We use a 4oz to 80z pyramid sinker above the leader and very few times has more weight been needed. Night always seems to be better but they are there during daylight hours as well, I just think they feed better at dusk & dawn.
Good luck and keep us posted!


----------



## southern yakker (Jun 25, 2012)

devinsdad said:


> You are right about taping the hooks. Makes for many more solid hookups. If the surf is rough, I would fish the inshore side of Pickens. Water gets deep pretty quickly and there are some big sharks there. The current in the Pass moves pretty quick and you have to get the bait out pretty far to get into some deep water.
> We use a 4oz to 80z pyramid sinker above the leader and very few times has more weight been needed. Night always seems to be better but they are there during daylight hours as well, I just think they feed better at dusk & dawn.
> Good luck and keep us posted!


With the electrical tape should I do just one wrap or multiple and do I just wrap it to the barb? I'll keep a live report when I go I'm should be out this weekend


----------



## devinsdad (Mar 31, 2010)

A single wrap is fine. Wrap from the eys of the hook to the barb. I am out of commission this weekend due to a funeral but keep us posted. I hope to see a big shark report tomorrow morning.

Also, any bait you have, keep it off the ice directly. The chlorine in the water used to make the ice will soak into the bait and sharks can sense the smell. No natural bait has a chlorine smell or taste. Wrap your baits in plastic before icing down. Sharks can smell the difference.


----------



## southern yakker (Jun 25, 2012)

Thanks for the advice. I'll be heading out tomorrow morning with some stingrays I can hopefully catch tonight.


----------



## LUPilot (Apr 10, 2012)

Definitely keep us posted! I'm hoping to get one more sharking trip in before i have to move next week!


----------



## southern yakker (Jun 25, 2012)

Look at the hot fishing spots thread under piers and bridges tomorrow and I will post there.I'm hoping to finally get in a shark that is over 3 feet long tomorrow.


----------



## Hopin4aboat (Jul 5, 2009)

southern yakker said:


> Look at the hot fishing spots thread under piers and bridges tomorrow and I will post there.I'm hoping to finally get in a shark that is over 3 feet long tomorrow.


3 feet is absolutely perfect for eating!!


----------



## southern yakker (Jun 25, 2012)

Hopin4aboat said:


> 3 feet is absolutely perfect for eating!!


I've never tried shark bit I've heard some species are really good. I mainly fish for fun


----------



## southern yakker (Jun 25, 2012)

I think its still a little too early for them to come in decent numbers.

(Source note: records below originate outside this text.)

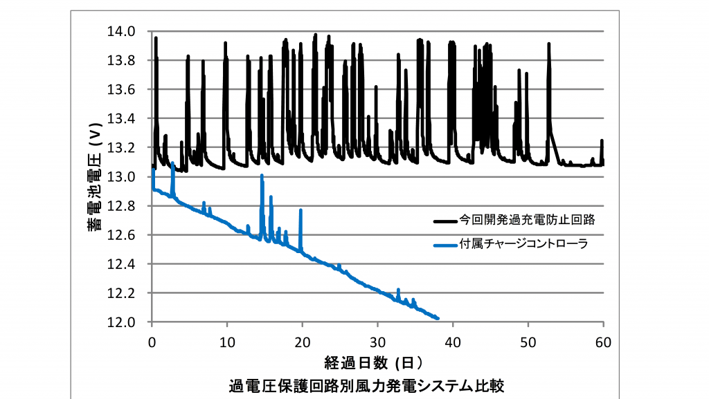 グラフは、太陽光発電ではなく風力発電の場合で過充電防止回路のみ搭載した場合の実験結果ですが、市販チャージコントローラの場合と異なり、60日経過後も満充電を維持していることがわかります。本技術は、太陽光発電、風力発電に対し用いることができ、おそらく水力発電にも用いることができるはずです。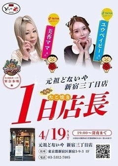 TikTokのスターライバー美香ママ&ユウベイビー出演!4月19日(土)元祖どないや新宿三丁目店で1日店長イベント開催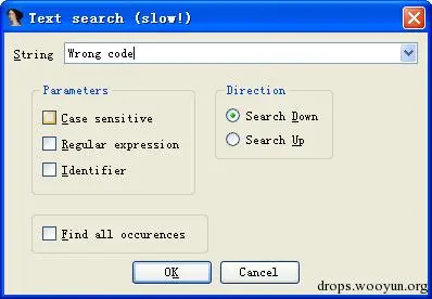 直接将exe拖入IDA中,然后查找字符串Your code 和Wrong code

We have no run in the 7 hours we were out there.


----------



## AVIDfisherman (Jan 31, 2013)

southern yakker said:


> I think its still a little too early for them to come in decent numbers. We have no run in the 7 hours we were out there.


LOL all we can do is laugh about this buddy.. We should make a thread. Another bust at Ft. Pickens. It would be a nice entertaining thread.


----------



## lowprofile (Jan 6, 2013)

Caught two over 6'6" tonight


----------



## ckhawkeye51 (Jan 31, 2013)

Where you near destin low profile?? I gave it
My first try but didn't have any luck last night, I don't think I got my bait far enough out. What were you using for bait??


----------



## Jaybird513 (Jul 29, 2013)

Im Thinking I Will Try ToGo Friday Night To The Fort Let Me Know If Y'all Are interested


----------



## shakenbake (Feb 21, 2011)

I'm going to be in town from Tallahassee and am going to go Friday night as well. Let me know if any of y'all want to get together.


----------



## johnf (Jan 20, 2012)

devinsdad said:


> A single wrap is fine. Wrap from the eys of the hook to the barb. I am out of commission this weekend due to a funeral but keep us posted. I hope to see a big shark report tomorrow morning.
> 
> Also, any bait you have, keep it off the ice directly. The chlorine in the water used to make the ice will soak into the bait and sharks can sense the smell. No natural bait has a chlorine smell or taste. Wrap your baits in plastic before icing down. Sharks can smell the difference.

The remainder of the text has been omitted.